Fear of the unblinking eye

I’ve been thinking that the NSA “surveillance state” story disturbs many people because it runs counter to our presumptions of innocence and privacy.  We understand that citizens should not be punished as criminals without due process.  We also think well-meaning citizens will not be treated as criminals.  Law-abiding people strolling down Main Street expect to be treated differently that prisoners shuffling through a cell block on their way to the exercise yard.

But of course, we don’t really expect agents of the government to be completely blind.  They couldn’t detect and thwart or punish lawbreakers if they were.  And if the government could not keep any secrets, it also would not be able to respect the confidentiality of its dealings with any citizens, or pursue proper legal cases against real miscreants.  Does anyone want those information-yearns-to-be-free Wikileaks types to expose and publish the IRS database of all taxpayers, or confidential law enforcement data that would thwart the hunt for a dangerous killer?

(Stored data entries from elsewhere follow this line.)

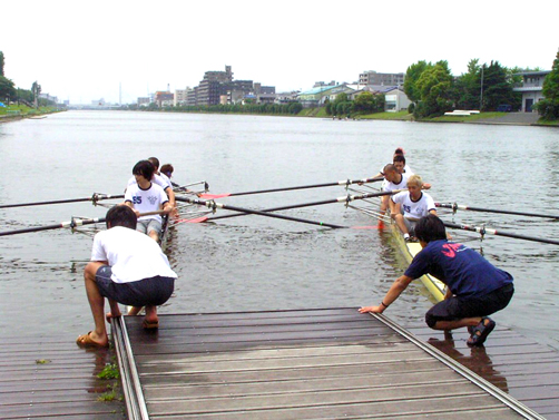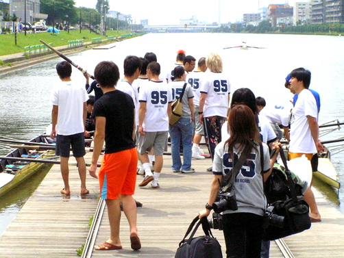 コース中央のデッキに移動して撮影。ここでもボートをおさえながら、撮影の一瞬だけ手を離して…のくりかえし。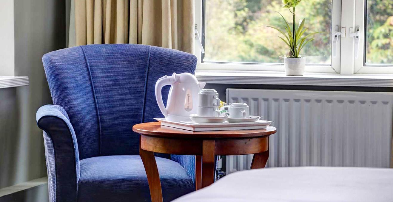 This picturesque hotel offers a wide choice of comfortably furnished accommodation, from spacious bedrooms and a self catering apartment to a dedicated family wing, pet friendly rooms, and retro inspired chalets. Each room includes a flat‑screen TV, tea and coffee‑making facilities, a hairdryer and en‑suite bathrooms. Recent additions to a number of rooms also include mood lighting and USB charging points.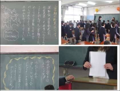 そのあと、担任の先生より、今学期頑張ったところ、来年伸ばしたいところ、いろいろなおはなしをしたあと、ひとりひとりに通知表が配られました。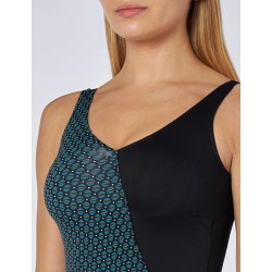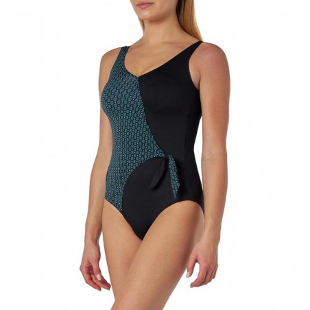 Les bretelles fixes offrent un maintien ferme et confortable et le motif géométrique sur le côté gauche contraste joliment avec l'uni noir sur le côté droit.
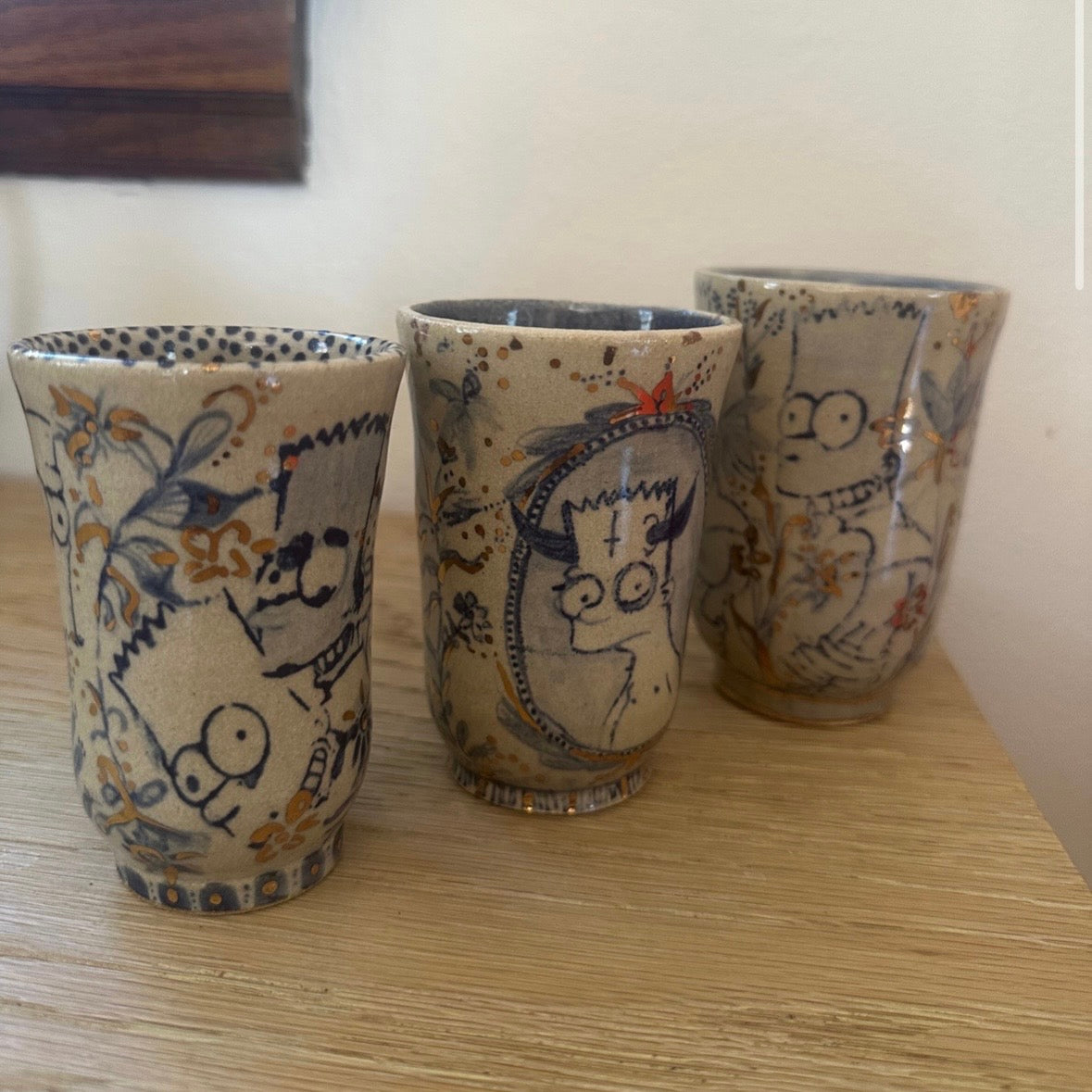 - Set of three handmade Bart Simpson cups by @jennieekstrand.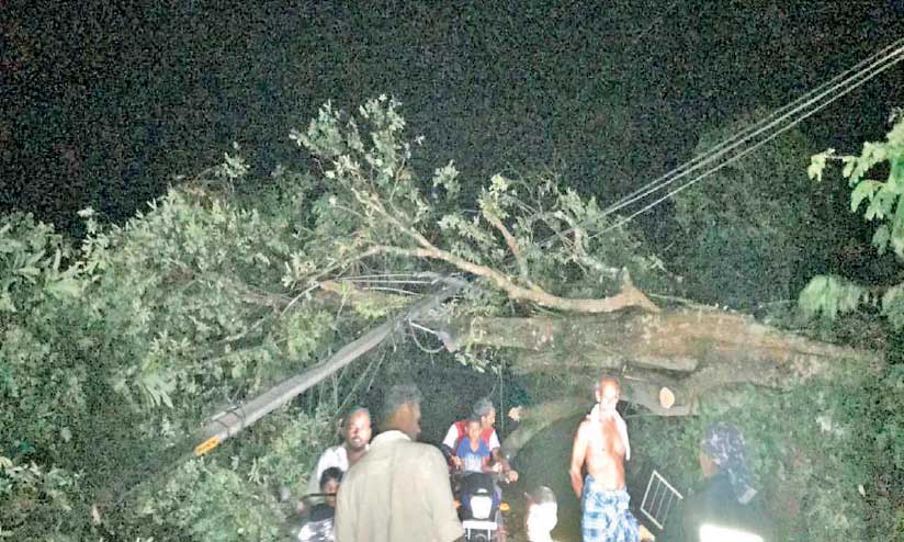 മുകളിൽ വീണ് ഗതാഗതം മുടങ്ങിയപ്പോൾ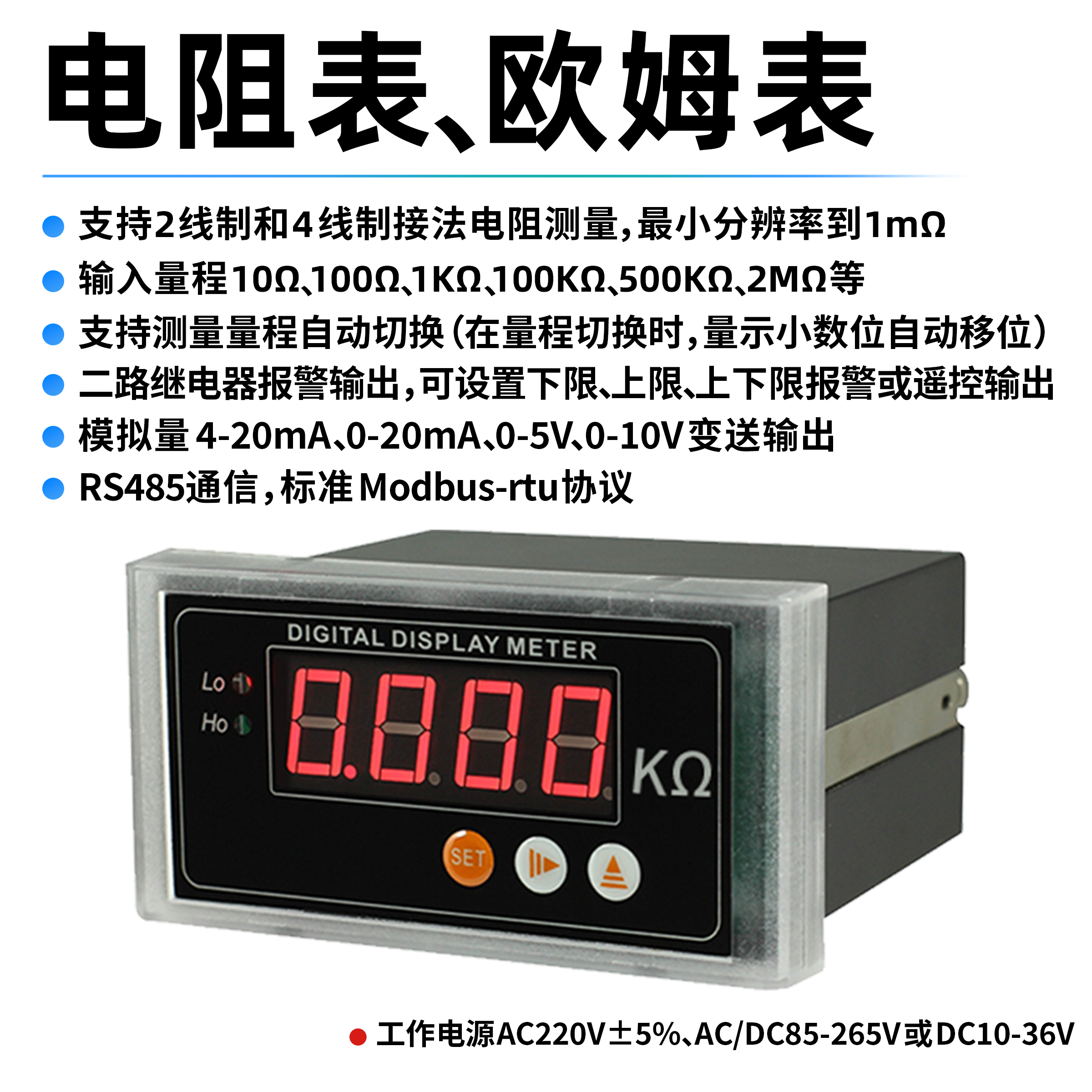 (7) 電阻量程對應(yīng)顯示值可設(shè)。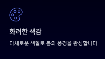 - 다양한 색깔로 화려한 분위기를 만들 수 있음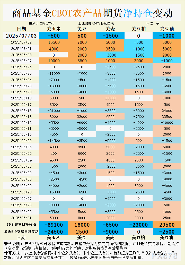 Pepperstone激石——周五(7月4日),芝加哥期货交易所(CBOT)谷物期货市场在本周最后一个交易日呈现分化走势,受到美国独立日假期前仓位调整、出口销售数据改善以及有利天气预报的综合影响。大豆和豆粕期货因空头回补和出口需求回暖小幅上涨,豆油期货则因基金抛售承压下跌,玉米和小麦期货在全球供应压力和天气利好间博弈,价格波动有限。持仓数据显示,商品基金在短期和长期持仓策略上分歧明显,反映出市场对未来供需格局的不确定性。本文将结合最新持仓变动、基差动态及基本面因素,深入分析小麦、大豆、豆油、豆粕和玉米的期货市场情绪及其对走势的影响,并展望未来方向。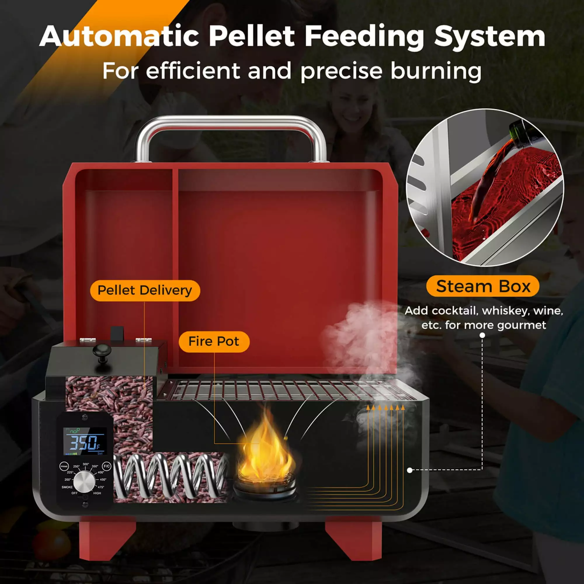 - User-Friendly Design: The 2.4 L hopper accommodates more pellet for long-lasting burning. And the non-stick cooking grid provides 184 inch2 cooking area. Moreover. the steam box on the grease tray allows you to add cocktail. whiskey. wine. etc. for more gourmet.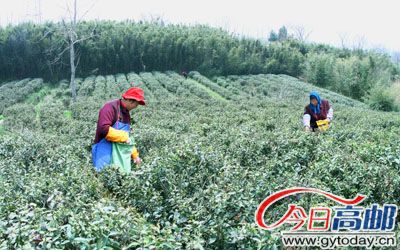 截至5月中旬,我市惟一的天山镇神居山村茶场春茶采摘宣告结束。据了解,该场面积达300亩,每亩纯收入在3500元左右。图为茶农正在采茶。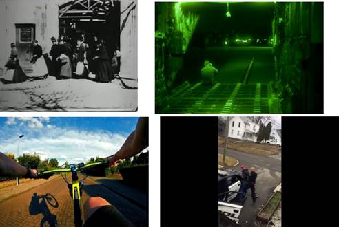 A primera vista, se puede fácilmente reconocer que se trata, respectivamente, de una imagen de cine de los primeros tiempos por ser en blanco y negro y de baja definición, de una imagen nocturna tomada por una cámara de vigilancia, en virtud de sus tonos verdes típicos, de una imagen producida por una cámara de acción tal como una GoPro o un aparato de gran angular, a causa de la distorsión de la perspectiva sobre los bordes de la imagen, y finalmente, de una imagen tomada con un smartphone por la relación de aspecto del espacio de representación.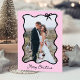 These adorable folded holiday cards feature your favourite photo in a trendy black wavy frame with a whimsical bow, on an elegant blush pink background. Modern script says "Merry Christmas," and there is room for a personal message inside.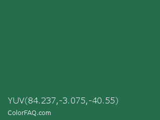 YUV 84.237,-3.075,-40.55 Color is a dark green color and the nearest color is Dark Spring Green #177245. Hex code #266d4e and RGB value is rgb(38,109,78). In RGB color space, this color is composed of 15% red, 43% green, 31% blue, In CMYK color space, this color is composed of 65% cyan, 0% magenta, 28% yellow , 57% black , In HSL color space, this color has a hue angle of 154° , 48% saturation and 29% lightness.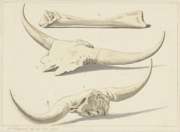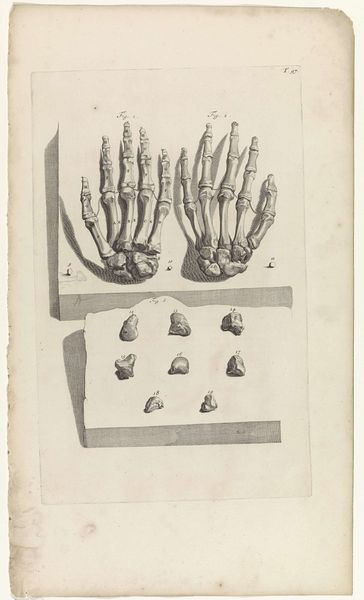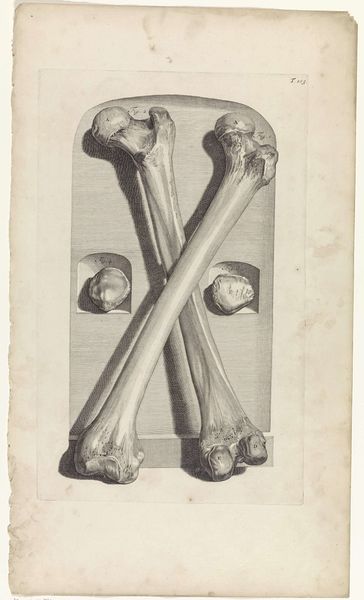 Pieter van Gunst created this anatomical study of arm bones during the late 17th and early 18th centuries, a period marked by significant advancements in scientific understanding and anatomical study. The image reflects a growing societal interest in the human body, driven by the scientific revolution and the Enlightenment. During this time the study of anatomy was essential for medical practitioners, but also embodied social and philosophical dimensions related to identity, health, and the human condition. While this work appears to simply document the bones of the arm, the artist's attention to detail prompts a dialogue between science and the human experience. This piece highlights a period where scientific inquiry started influencing social norms, shaping views on health, gender, and race. How does this detailed study of the arm bones influence your understanding of your own body and its place in society?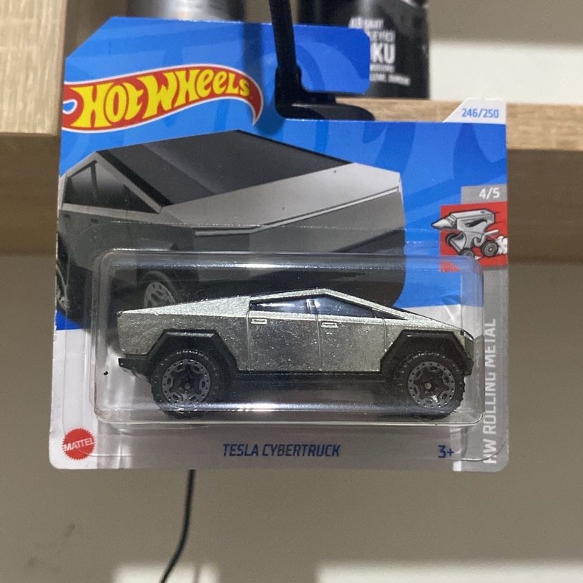 Hot Wheels Tesla Cybertruck oyuncak araba, gri renkte ve metal hareketli parçalar içerir. Model numarası 246/250, 4/5 puanlıdır.

This is all really a matter of degree.  Most people don’t mind the agents of government observing us in a relatively casual manner, or keeping certain things secret.  We’re comfortable with more intensive surveillance when due process is observed, and specific persons of interest are identified.  It’s not really a choice between Big Brother and no surveillance at all, any more than government is a choice between bloated all-controlling socialism and lawless anarchy.

One example of this principle that comes to mind is traffic cameras mounted on street lights.  Some areas have encountered heavy resistance to automated systems that snap photos of license plates and issue citations.  The people raising those objectives don’t think everyone should be allowed to run red lights or blow past the speed limit with impunity.  They obviously don’t relish the thought of getting pulled over by a human cop, but they have no objection in principle to such officers performing their duties.  (How often have you, or a fellow passenger in a car, wondered “Where the heck are all the cops?” when you see someone driving stupidly?)  But they get nervous when the laws are enforced by unblinking, merciless robots.

Similar reservations can be found in the matter of domestic drones – not the armed Predator variety, but the use of domestic drones in domestic airspace for law enforcement, which is going to grow very rapidly over the next few years.  A police drone isn’t doing anything that an officer in a helicopter couldn’t do; they’re just impersonal and relentless.  People who think nothing about seeing a “bear in the air” cruising over the highway are going to get jittery when it’s a menacing UAV painted in sheriff’s colors.

Unfortunately, those presumptions of innocence are wholly incompatible with the maternal, activist super-State, which is very much in the business of punishing activities that are not criminal, and is ravenous for information about her child-citizens.